Understandably, Alison is so intensely driven to follow her path that she gets a bit tetchy when she's forced to tear herself away from it long enough to explain just what it is that she does. Is it techno? Techno shmechno. Spiritual, romantic and brooding? Hey, don't bother to pin a label on her. She'll probably heave a grumpy sigh. And don't ask her something dumb like who writes the lyrics or lays down the beats or switches on the keyboards. She'll probably say you're full of bullocks for not looking at the liners. As a matter of fact, she did say just that.

So, when we get down to the matter at hand, discussing Black Cherry and why its sound is less Morricone and more Moroder than Felt Mountain, Alison's responses have a can-we-just-get-on-with-it petulance about them. "Why the change? Because we wanted to," she states emphatically over the phone from New York. "Because I don't want to emulate something that I've already done. I think it's completely pointless. I wanted to change the mood. And it would've been the safe, easy, commercial option to just repeat what we'd done.

"We would've been guaranteed record sales, but it just felt very natural to go somewhere else," she continues. "I wanted to express something new. Also, playing Felt Mountain for about a year, as much as I loved it, I found the immaculateness of it very claustrophobic. I just really wanted to play something loud."

And Black Cherry is exactly that. Clinking and clanking with the caliginous ambiance of a steamy '80s disco, the album's bursts of adrenaline and euphoria are kilometers removed from the Lynchian blue velvet of Felt Mountain. "You know, you make rules and you break them," she says of her new direction. "That's what it's all about. As a creative person, I think it's important to push yourself all the time."
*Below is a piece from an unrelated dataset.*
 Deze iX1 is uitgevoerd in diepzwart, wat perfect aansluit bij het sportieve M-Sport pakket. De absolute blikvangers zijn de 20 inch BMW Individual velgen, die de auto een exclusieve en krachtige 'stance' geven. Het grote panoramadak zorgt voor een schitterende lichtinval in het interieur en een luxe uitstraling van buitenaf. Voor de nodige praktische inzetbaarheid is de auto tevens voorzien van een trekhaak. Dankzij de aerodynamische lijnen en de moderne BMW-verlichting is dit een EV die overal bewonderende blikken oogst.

But was there any pressure, say, from a manager or a record company, to repeat the narcotic, after-hours feel of the first album? "No, we don't get that, ever. That's one of the fantastic things about Mute [Goldfrapp's label]. Most record companies wouldn't have let us make Black Cherry. They would've wanted us to do the same thing we'd done before. Our record company and our manager were very supportive of us doing what we felt was the right thing to do."

Doing her thing her way is of paramount importance to Alison, who has embraced various creative pursuits, beginning with three years singing for a contemporary dance company in Belgium, followed by time spent as a Fine Arts major at Middlesex University, where, through friends, she met musicians like Orbital and Add N to (X), whose albums (Snivilisation and Avant Hard, respectively) she would lend her ethereal pipes to. Later, she added vocals to Maxinquaye, Tricky's 1995 debut.
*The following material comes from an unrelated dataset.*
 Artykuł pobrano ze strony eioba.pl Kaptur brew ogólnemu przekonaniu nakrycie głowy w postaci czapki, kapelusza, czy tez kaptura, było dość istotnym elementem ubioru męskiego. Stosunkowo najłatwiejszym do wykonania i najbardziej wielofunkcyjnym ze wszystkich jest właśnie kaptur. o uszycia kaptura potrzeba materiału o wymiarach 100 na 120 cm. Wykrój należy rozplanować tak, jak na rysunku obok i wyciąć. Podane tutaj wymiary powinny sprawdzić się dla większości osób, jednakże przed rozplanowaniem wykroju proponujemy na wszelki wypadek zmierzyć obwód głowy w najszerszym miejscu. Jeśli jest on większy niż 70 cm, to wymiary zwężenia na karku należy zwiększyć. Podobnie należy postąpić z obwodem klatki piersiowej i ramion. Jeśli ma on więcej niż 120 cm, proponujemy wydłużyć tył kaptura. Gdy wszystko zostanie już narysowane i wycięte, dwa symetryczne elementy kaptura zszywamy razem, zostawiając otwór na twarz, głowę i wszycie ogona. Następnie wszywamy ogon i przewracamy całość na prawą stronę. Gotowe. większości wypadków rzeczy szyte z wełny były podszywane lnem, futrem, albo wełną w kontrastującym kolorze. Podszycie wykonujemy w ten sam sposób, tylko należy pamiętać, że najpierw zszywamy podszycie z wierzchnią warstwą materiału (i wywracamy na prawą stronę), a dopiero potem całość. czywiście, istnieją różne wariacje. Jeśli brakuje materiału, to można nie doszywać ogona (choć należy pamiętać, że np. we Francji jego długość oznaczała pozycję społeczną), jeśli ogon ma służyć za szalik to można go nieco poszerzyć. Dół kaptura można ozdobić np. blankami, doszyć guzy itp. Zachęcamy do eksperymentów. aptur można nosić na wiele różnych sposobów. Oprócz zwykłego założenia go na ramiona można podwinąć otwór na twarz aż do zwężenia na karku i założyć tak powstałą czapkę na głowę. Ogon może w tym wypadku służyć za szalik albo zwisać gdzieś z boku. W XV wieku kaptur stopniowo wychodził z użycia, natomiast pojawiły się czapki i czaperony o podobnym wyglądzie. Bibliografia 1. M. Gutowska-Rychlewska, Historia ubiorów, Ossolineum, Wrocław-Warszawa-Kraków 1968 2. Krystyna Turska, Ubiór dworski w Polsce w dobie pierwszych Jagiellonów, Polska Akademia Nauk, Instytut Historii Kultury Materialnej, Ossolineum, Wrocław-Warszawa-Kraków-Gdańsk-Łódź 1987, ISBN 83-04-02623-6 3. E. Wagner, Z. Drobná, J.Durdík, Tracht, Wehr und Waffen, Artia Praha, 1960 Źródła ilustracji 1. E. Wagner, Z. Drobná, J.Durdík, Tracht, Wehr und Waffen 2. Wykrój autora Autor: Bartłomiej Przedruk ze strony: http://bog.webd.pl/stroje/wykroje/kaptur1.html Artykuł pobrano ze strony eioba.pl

"I'd done many things but I always had the intention of doing my own work, which I did do," she says. "I'm not into compromising, so even though it was tough at times I was prepared to wait because it was important for me to be doing it the way I wanted to."

The wait was over in the late '90s, when Alison met multi-instrumentalist Will Gregory, whose eclectic tastes in electronica, folk and cabaret were similar to her own.

"It was a happy accident that we met," she says. "We are very, very different personalities, so he wasn't someone I would've thought about working with. But we talked a lot about what we wanted to do before we started, mainly because both of us had worked with so many different people that it seemed pointless to embark on something if we weren't coming from the same world. So, we had many meetings and we sent each other music that we really like, everything from Yma Sumac to Prince. And it turned out that we complemented each other very well."

Now that she and Gregory have made two records that don't bow to outside influences or agendas, it must be going just swimmingly, right?

"Fuck, I dunno. You can plan life the best you can but it never pans out the way you imagine it, you know? People expect their lives to be sorted out by the time they are 25, and that's just bullshit."

For Alison Goldfrapp, ever the true artist, the pursuit of the problem continues.